O grupo de Blum cita um trecho da Lei dos Direitos Civis de 1964, que proíbe a discriminação "com base em raça, cor ou nacionalidade" em qualquer programa ou atividade que receba assistência financeira federal, o que é o caso de Harvard, instituição privada fundada em 1636 com sede em Massachusetts. A UNC, em Chapel Hill, fundada em 1789, é a principal universidade pública da Carolina do Norte –neste caso, os autores citam um trecho da Constituição que prevê direitos iguais.

Ainda de acordo com a organização, as políticas de Harvard limitam descendentes de asiáticos a 20% das turmas de graduação e os deixam menos propensos a serem admitidos do que candidatos brancos, negros e hispânicos com qualificações semelhantes.

As universidades alegam que critérios raciais são apenas um fator em uma série de avaliações individualizadas e que uma eventual eliminação do parâmetro resultaria em queda significativa no número de estudantes negros, hispânicos e de outros grupos sub-representados nos campi.

Após o anúncio da Suprema Corte, o presidente de Harvard, Lawrence Bacow, disse que a decisão "coloca em risco 40 anos de precedente legal que concede às faculdades a liberdade e a flexibilidade de criar comunidades diversas [...], o que fortalece o ambiente de aprendizagem para todos".

Blum elogiou a decisão do tribunal e afirmou que "em uma nação multirracial e multiétnica como a nossa, a barreira de admissão na faculdade não pode ser aumentada para alguns grupos étnicos". "Nossa nação não pode remediar a discriminação do passado com nova discriminação", defendeu.

Os conservadores dos EUA há muito se opõem a programas de ação afirmativa ​​em áreas como contratação de profissionais e admissão de estudantes. Em 2016, a Suprema Corte recusou os argumentos de uma aluna branca apoiada por Blum e considerou legal o critério racial adotado no programa de seleção da Universidade do Texas em Austin.

Antes disso, em 2003, o tribunal já havia garantido à Faculdade de Direito da Universidade de Michigan o direito de considerar o critério racial como fator de admissão, devido ao interesse em criar um corpo discente diversificado. Na ocasião, a então juíza Sandra Day O’Connor, nomeada por republicanos, escreveu que esperava que o uso dessas ações "não fosse mais necessário" até 2028.

Desde 2020, quando o então presidente Donald Trump conseguiu nomear o terceiro juiz em seu mandato para a mais alta instância da Justiça americana, as decisões do tribunal passaram a refletir sua maioria conservadora. Em dezembro, por exemplo, a corte indicou que poderá mudar seu entendimento sobre o direito ao aborto, o que significaria uma reversão histórica da jurisprudência vigente há quase 50 anos.
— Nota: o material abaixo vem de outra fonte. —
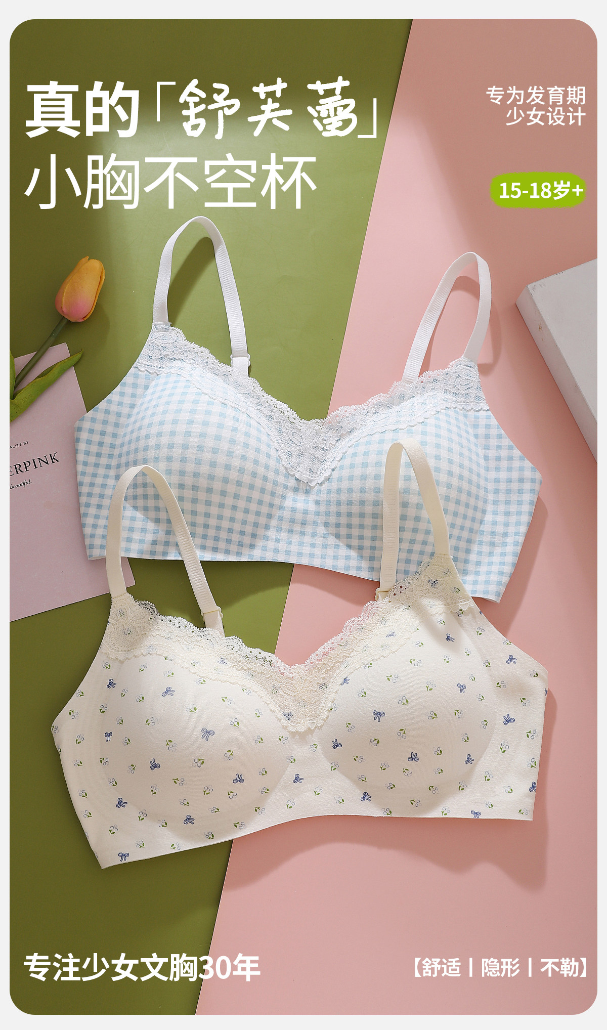 舒芙蕾純棉少女內衣高中青少年文胸18嵗發育期學生定型杯聚攏胸罩

A administração de Joe Biden tem se chocado contra muitos julgamentos recentes, o que pode se repetir no caso anunciado nesta segunda. Quando a ação ainda estava em tribunais inferiores, a Casa Branca já havia pedido aos juízes que não seguissem adiante com o processo.

Cerca de um quarto dos países têm algum tipo de ação afirmativa para aumentar a diversidade no ensino superior, seja por lei federal ou por opção das universidades. As políticas variam entre critérios socioeconômicos, raciais e étnicos. A Índia, que tem políticas semelhantes às do Brasil desde 1950, tem a mais longa história de ações afirmativas baseadas em castas ou classes.
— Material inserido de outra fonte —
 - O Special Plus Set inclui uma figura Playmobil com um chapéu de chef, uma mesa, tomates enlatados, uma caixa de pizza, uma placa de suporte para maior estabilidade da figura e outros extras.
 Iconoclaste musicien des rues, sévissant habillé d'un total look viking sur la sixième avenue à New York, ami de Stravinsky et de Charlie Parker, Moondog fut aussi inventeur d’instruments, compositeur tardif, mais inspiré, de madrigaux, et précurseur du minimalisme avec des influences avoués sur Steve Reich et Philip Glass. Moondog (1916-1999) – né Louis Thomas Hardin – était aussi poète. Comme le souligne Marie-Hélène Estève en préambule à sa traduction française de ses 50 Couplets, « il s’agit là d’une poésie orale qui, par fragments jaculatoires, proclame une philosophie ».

Universidades na África do Sul e na Malásia também promovem políticas de inclusão de alunos de grupos com histórico de repressão.
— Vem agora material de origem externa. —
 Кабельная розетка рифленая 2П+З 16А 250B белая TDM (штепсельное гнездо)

No Brasil, a Lei de Cotas, sancionada em 2012, mudou o perfil do ensino superior público. Estudo realizado pela pesquisadora Ursula Mello, do Institute for Economic Analysis, de Barcelona, em parceria com Adriano Senkevics, doutorando em educação pela USP, mostra que de 2012 a 2016 a participação de jovens de 18 a 24 anos pretos, pardos e indígenas e de baixa renda em universidades federais passou de 33,9% para 42,7% dos ingressantes.

A pesquisa aponta ainda uma mudança no perfil dos cursos mais concorridos, como medicina, engenharia elétrica e direito. Nos três casos, a presença de alunos não brancos, vindos de escola pública e de baixa renda girava entre 10% e 20% dos ingressantes em 2012. Em 2016, eram entre 20% e 40%.